Due to the electromagnetic interference filter 130, electrostatic absorption sheet 140, graphite plate 150, electromagnetic wave absorption The receiving portion 160 and the electromagnetic interference shielding pad 170 are all conductors, so current can be conducted between the electromagnetic interference filter 130, the electrostatic absorption sheet 140, the graphite plate 150, the electromagnetic wave absorption portion 160, and the electromagnetic interference shielding pad 170.

In the embodiment of FIG. 2, the electromagnetic interference filter 130 is coupled to the anode of the diode 224. Therefore, the electromagnetic interference filter 130 can filter out electromagnetic interference components in some frequency bands in the current loop, the electrostatic absorption sheet 140 can absorb the electrostatic components in the current loop, and the graphite plate 150 and the electromagnetic wave absorption part 160 can absorb some frequency bands in the current loop. The electromagnetic interference shielding pad 170 can absorb electromagnetic interference components of some frequency bands in the current loop.

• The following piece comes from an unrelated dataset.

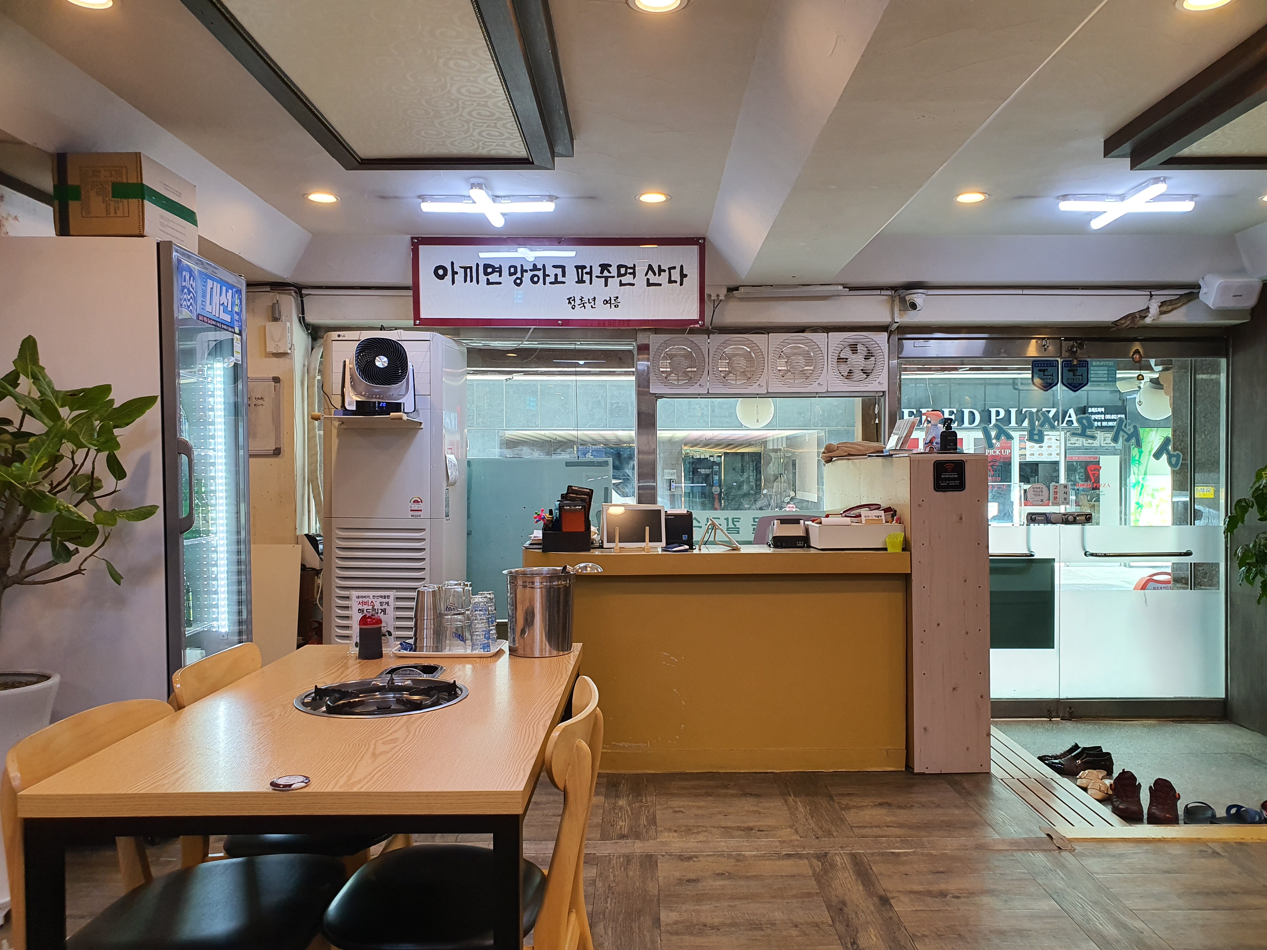 음료수를 캔으로 들여오는 걸 보니 앞에 붙여둔 "아끼면 망하고 퍼주면 산다"는 액자는 내 기준으로 거짓말이다.

The aforementioned electromagnetic interference filter 130, electrostatic absorption sheet 140, graphite plate 150, electromagnetic wave absorption part 160, and electromagnetic interference shielding pad 170 have different signal processing frequency bands, but they can absorb multiple frequency bands in the power signal Sin when they work together. Electromagnetic waves and noise.

According to the results of the experiment, the volume of the aforementioned electromagnetic wave absorbing part 160 is designed to be between 40 and 80 cubic centimeters, which can achieve a better balance between the volume and the electromagnetic wave absorption effect. In addition, if the volume of the aforementioned graphite plate 150 is designed to be between 7% and 25% of the volume of the electromagnetic wave absorbing part 160, the overall power noise suppression effect produced is ideal.

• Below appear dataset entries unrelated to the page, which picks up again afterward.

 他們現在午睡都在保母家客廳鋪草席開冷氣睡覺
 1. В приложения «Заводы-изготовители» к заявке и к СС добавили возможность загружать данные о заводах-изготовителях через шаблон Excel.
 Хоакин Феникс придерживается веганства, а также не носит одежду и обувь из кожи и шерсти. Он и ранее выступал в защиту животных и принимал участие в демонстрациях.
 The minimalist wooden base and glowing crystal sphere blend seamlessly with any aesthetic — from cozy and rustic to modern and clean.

In practice, as shown in FIG. 2, the electrostatic absorption sheet 140 or the graphite plate 150 can be modified to be coupled to the anode of the diode 224 to produce a similar effect to the aforementioned structure.

Please note that the aforementioned architecture in FIG. 1 and FIG. 2 is only an exemplary embodiment, and does not limit the actual implementation of the present invention. For example, FIGS. 3 to 10 are simplified schematic diagrams of the internal structure of other embodiments of the electrical noise suppression device 100 of the present invention.

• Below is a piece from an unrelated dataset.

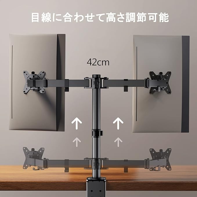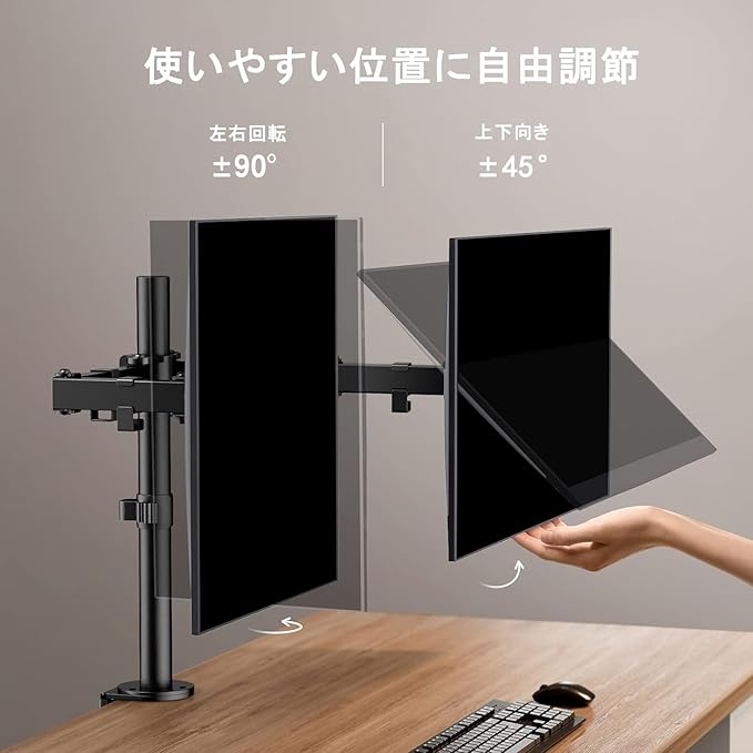 【2画面で作業スペースを拡大】片方の画面でネット検索、片方の画面で書類作成など、作業ごとにスペースを使い分けたい・操作に広い作業画面が欲しい方にデュアル型モニターアームお勧めいたします。それぞれのモニターの回転にも対応しており、片方の画面を縦画面、もう片方を横画面にするなど、幅広い環境を構築できます。

As shown in FIG. 3, in practice, the electromagnetic interference filter 130, the electrostatic absorption sheet 140, or the graphite plate 150 in the structure of FIG. 2 described above can be coupled to the cathode of the diode 224 instead. In this coupling mode, the electromagnetic interference filter 130, the electrostatic absorption sheet 140, the graphite plate 150, the electromagnetic wave absorption portion 160, and the electromagnetic interference shielding pad 170 can also perform the functions of the embodiment in FIG. The embodiment has similar technical advantages.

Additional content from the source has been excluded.